The decision to raise output, though not to be finalised until next month, is a stark reversal for the oil cartel and its allies who have been reducing supply since the start of last year. The increased production is seen replacing lost supply from Venezuela and Iran once sanctions are imposed.
The move will be seen as a victory for US president Donald Trump who last month attacked Opec for "artificially" boosting prices and has leaned on US allies in the Gulf, including Saudi Arabia, to ensure oil markets remain well supplied.
Oil prices dropped 2 per cent on Friday after the news, with Brent crude slipping to $76.84 a barrel.

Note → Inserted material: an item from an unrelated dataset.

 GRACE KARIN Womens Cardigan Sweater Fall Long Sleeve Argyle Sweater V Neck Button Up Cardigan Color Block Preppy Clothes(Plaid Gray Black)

"Oil prices will soften in the near term, as a consequence of Opec easing supply curbs," said Ashley Kelty at Cantor Fitzgerald.

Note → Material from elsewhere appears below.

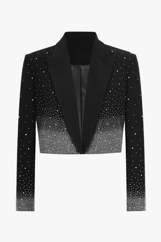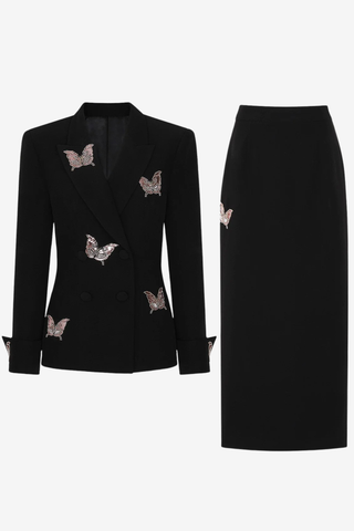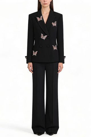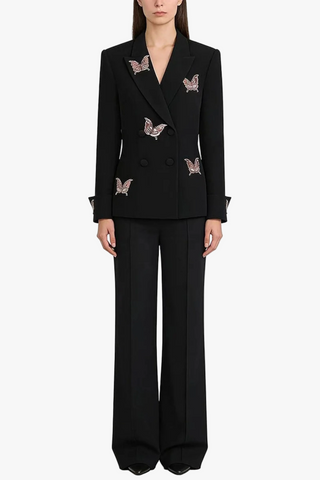 Structured Long Sleeve Tailored Blazer with Hand-Embellished Butterfly Detail

The jump above $80 a barrel last week for the first time since 2014 came as the US withdrew from the nuclear deal with Iran — the third largest Opec producer and Saudi Arabia’s arch rival in the region — putting additional sanctions on its oil industry.
The US said at the time it was in consultation with producers to make sure oil markets remained well supplied, which was seen as a thinly veiled reference to its ally Saudi Arabia.

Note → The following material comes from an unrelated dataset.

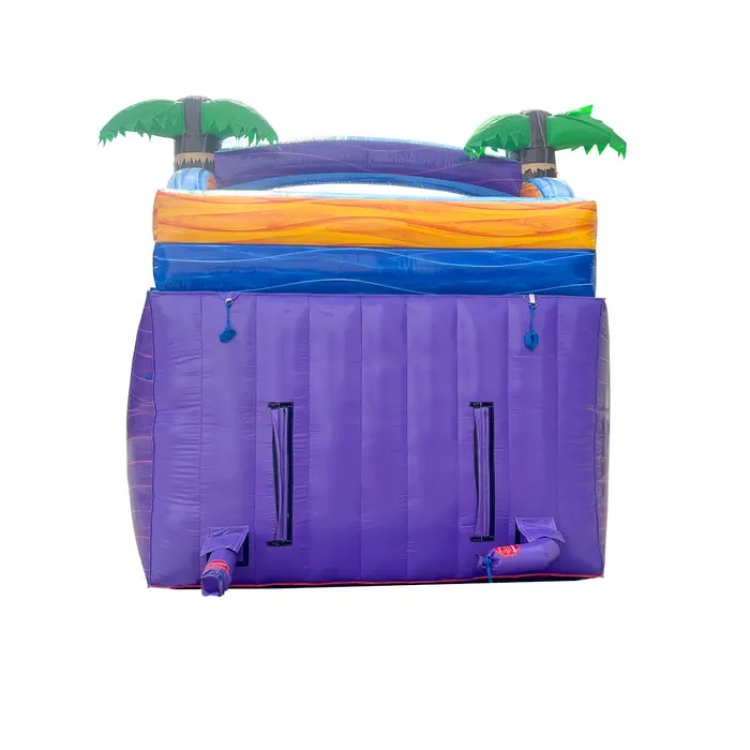 The stunning purple marble vinyl and tropical palm tree accents make this slide a standout centerpiece at any event. With two racing lanes, kids can race side-by-side, keeping everyone entertained and moving quickly through the line. Even without water, this dry slide delivers smooth, thrilling speed that kids love.

The kingdom’s powerful Crown Prince Mohammed bin Salman had lobbied the US to take a harder line with Iran, but the US president has become concerned about the impact of rising gasoline prices, with crude up more than 50 per cent in 12 months.
The decision to boost production came as Saudi Arabia’s energy minister, Khalid al Falih, met his Russian counterpart Alexander Novak at an economic forum in St Petersburg last night, where the initial outline of the plan to raise output was discussed.
Mr Falih said on Friday they needed to adjust policy as the oil market had changed.
The measures are likely to see producers with spare capacity raise output by as much as 1m b/d — or roughly 1 per cent of global oil demand — though the number could be lower depending on how they calculate production targets. Opec and Russia are due to meet formally in Vienna on June 22nd.
Both sides have emphasised it does not spell the end of their co-operation, which saw Russia — the largest oil exporter outside Opec — agree to assist the cartel in ending a prolonged slump in prices in late 2016, in a deal partly hammered out between Russian president Vladimir Putin and the Saudi crown prince.
Compliance with the deal, which originally targeted removing 1.8m b/d between Opec, Russia and a number of smaller producers outside the cartel, has soared to well above 150 per cent due to output declines in other countries, while Saudi Arabia has reduced production under its target.
Opec’s secretary-general Mohammed Barkindo said Mr Trump’s tweet last month had prompted the cartel to respond as “we pride ourselves as friends of the US”, Reuters reported.